Rob Kirwan’s studio is full of interesting analogue gear, including the Maestro Echoplex delay (top left) and Ekdahl Moisturizer spring reverb (behind the Echoplex) used on David Kushner’s vocals.Rob Kirwan’s studio is full of interesting analogue gear, including the Maestro Echoplex delay (top left) and Ekdahl Moisturizer spring reverb (behind the Echoplex) used on David Kushner’s vocals.

“I recorded guitars, synths, percussion, and did processing in my place. ‘Daylight’ was actually the first record I worked on in my new studio! It had literally been finished a week before and I was still covered in dust and plugging cables in the mornings, while LA slept.

“I felt that the lyrical content of David’s words was quite dark, but also uplifting, so that informed the grittiness and the weight of the production. Grit stands for distortion, with varying degrees of subtlety, and weight for bottom end. For me, it was crucial that the song remained as honest as possible. David has an amazing ability to convey real emotion without being over earnest, which is a rare talent.

“Funnily enough, as I was finishing the song in my studio, my 14‑year‑old daughter was already listening to the early version on TikTok. It was a very strange feeling. I’m used to the music I work on taking months to come out, and this was so immediate. I can’t say that the grittiness of the track came from imitating the TikTok version. I like dark and gritty in any case, and push most of my music and productions in that direction. My next release is the new PJ Harvey record!

“Biz got involved through Brent Shows, David’s manager, and I thought he did an incredible job. He kept the emotional journey of the song, while improving the sonics. That describes pretty much 100 percent what I’m looking for from a mixer. He smashed it!”


“I have a separate session for the Atmos mix.” says Jacob Morris. “It has all the stems and the multis [individual tracks]. Sometimes I use only the stems and I will pull in one multi if I need that one element.
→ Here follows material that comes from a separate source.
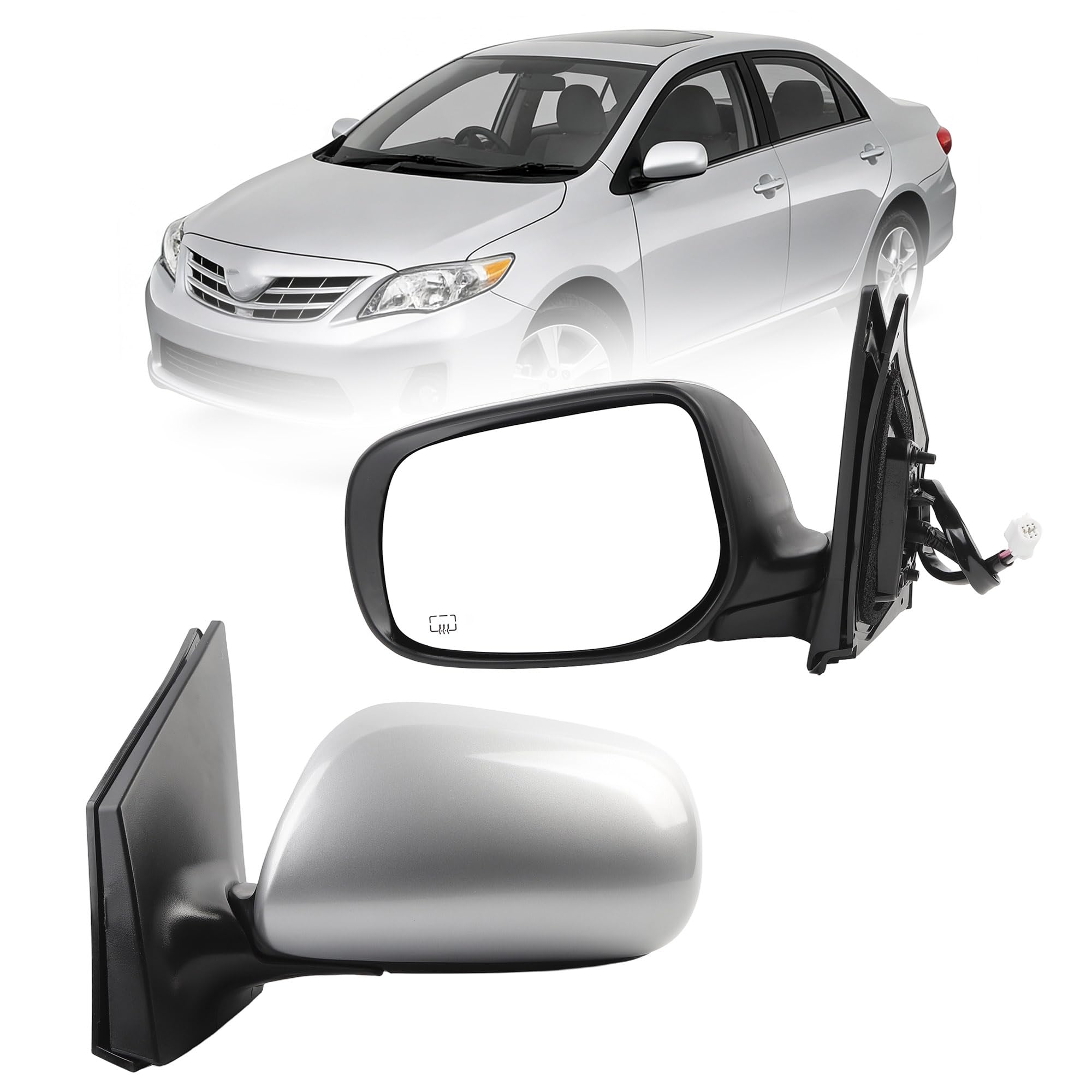 【Excellent Performance 】This Silver Corolla Rearview Mirror is Equipped with Power Heated Glass and Manual Folding Functions, and Its Mirror Surface is A Convex Mirror, Which Can Broaden Your Vision and Enhance Driving Safety While Driving
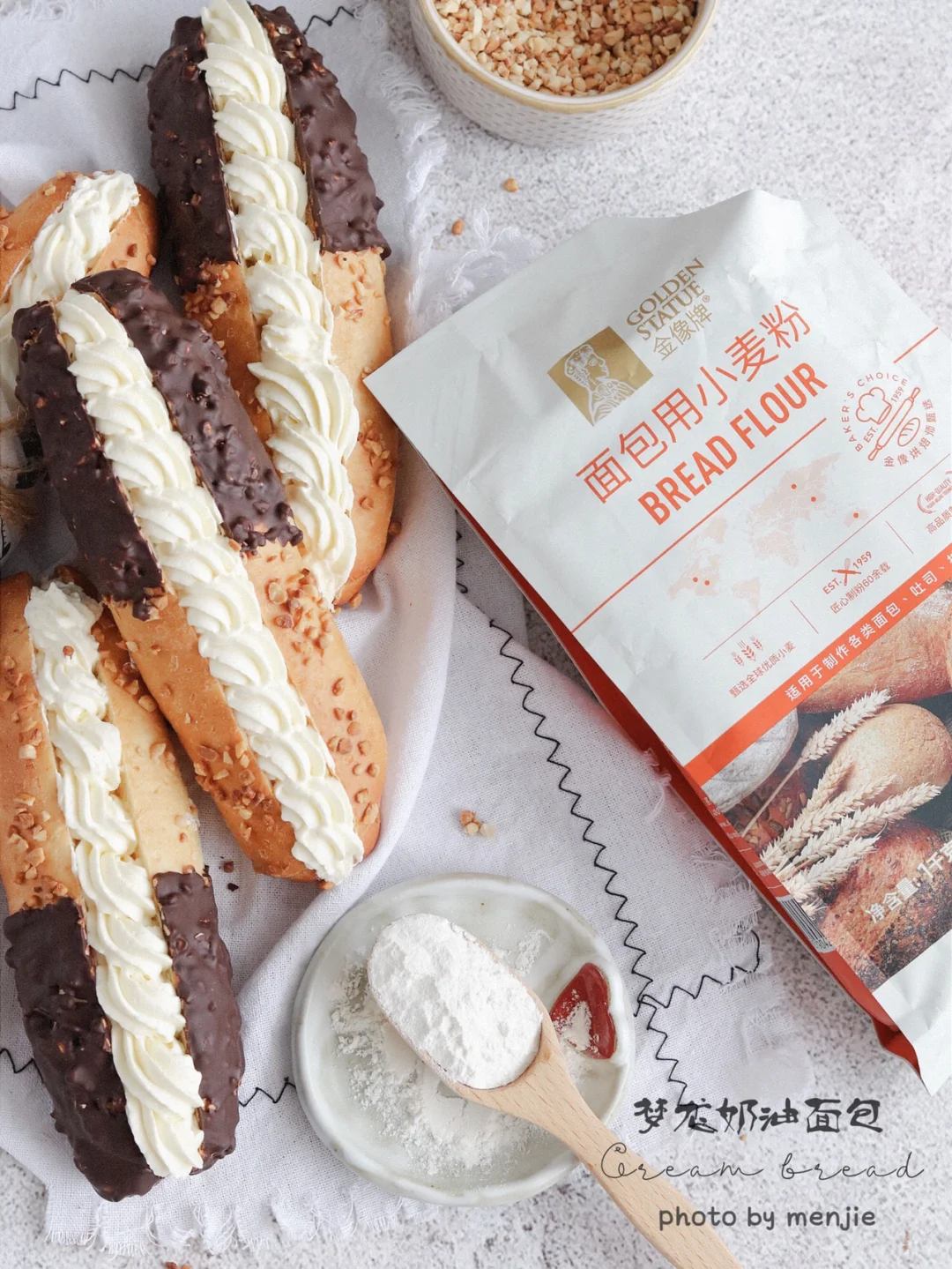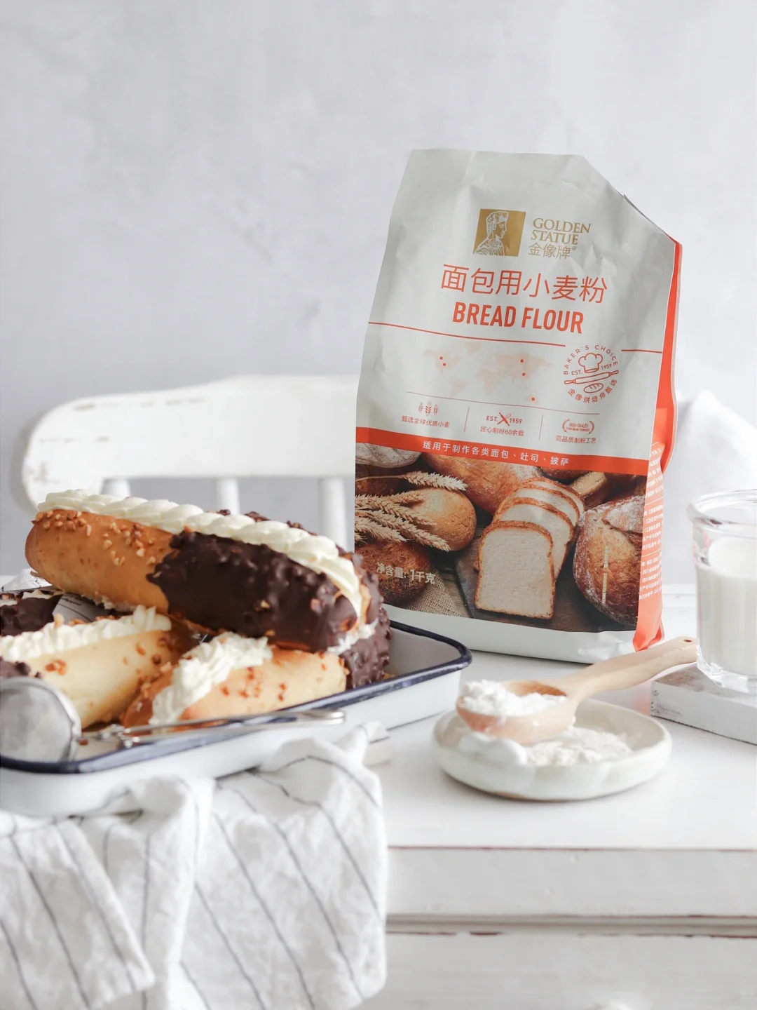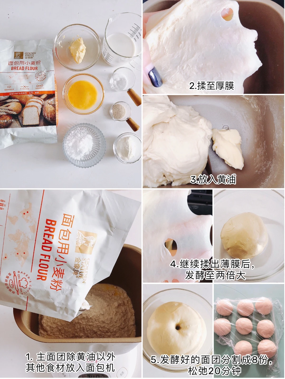 ‼️因为不同品牌面粉的吸水性不同,所以145g的牛奶要适当增减哦,做面包我习惯用金像高筋面粉,进口的小麦粉质细腻,颜色自然白,吸水性好很容易出膜,用着特别顺手,做出来的成品饱满又好吃,尤其推jian新手宝宝

I don’t just make a copy of the mix session for the Atmos mix, because I don’t want all the processing in it. Instead I print everything, so everything is committed and the Atmos session has no plug‑ins in it. Sometimes we have to send the Atmos sessions off to the label, and I want them to be able to open it.”


A few months ago, Jacob Morris started a new online mixing service. GETMXD offers finished full stereo mixes for $500 per track, Atmos mixes for the same price, mastering for $125 and revisions for $30. For a Grammy Award‑winning mixer, these prices seem almost too good to be true. Morris offers a peek under the bonnet.

“My goal is to help independent artists. They have great art, but they don’t always have a great sound, partially because they can’t afford to get mixing and mastering done properly. I wanted to break that barrier, and I built a system to make the workflow easier and more affordable. Of course, there’s the value of my time, but if I can cut that down, I can cut the rate down.

“Five hundred dollars per mix is crazy, but we have created a whole system on the GETMXD site that streamlines the biggest issue, file management and communication. Sometimes it’s me, sometimes it’s my right‑hand Connor who is doing these mixes. I also have two assistants, and we have a good team that works very well. I figured out a way to do it much faster, and it’s not taking me much time. I would say in general we work extremely fast. We have the system down.

“Also, because of the success of ‘Daylight’, DMs are definitely going! We’ve been pushing all these requests to the site. So we’re pretty busy, and some months we’re doing 30‑40 songs. David’s has been one of the pieces, but for the rest it’s word of mouth. I’m not big on social media. I don’t try to be out there. If the work comes in, it comes in, and if it doesn’t, it doesn’t.”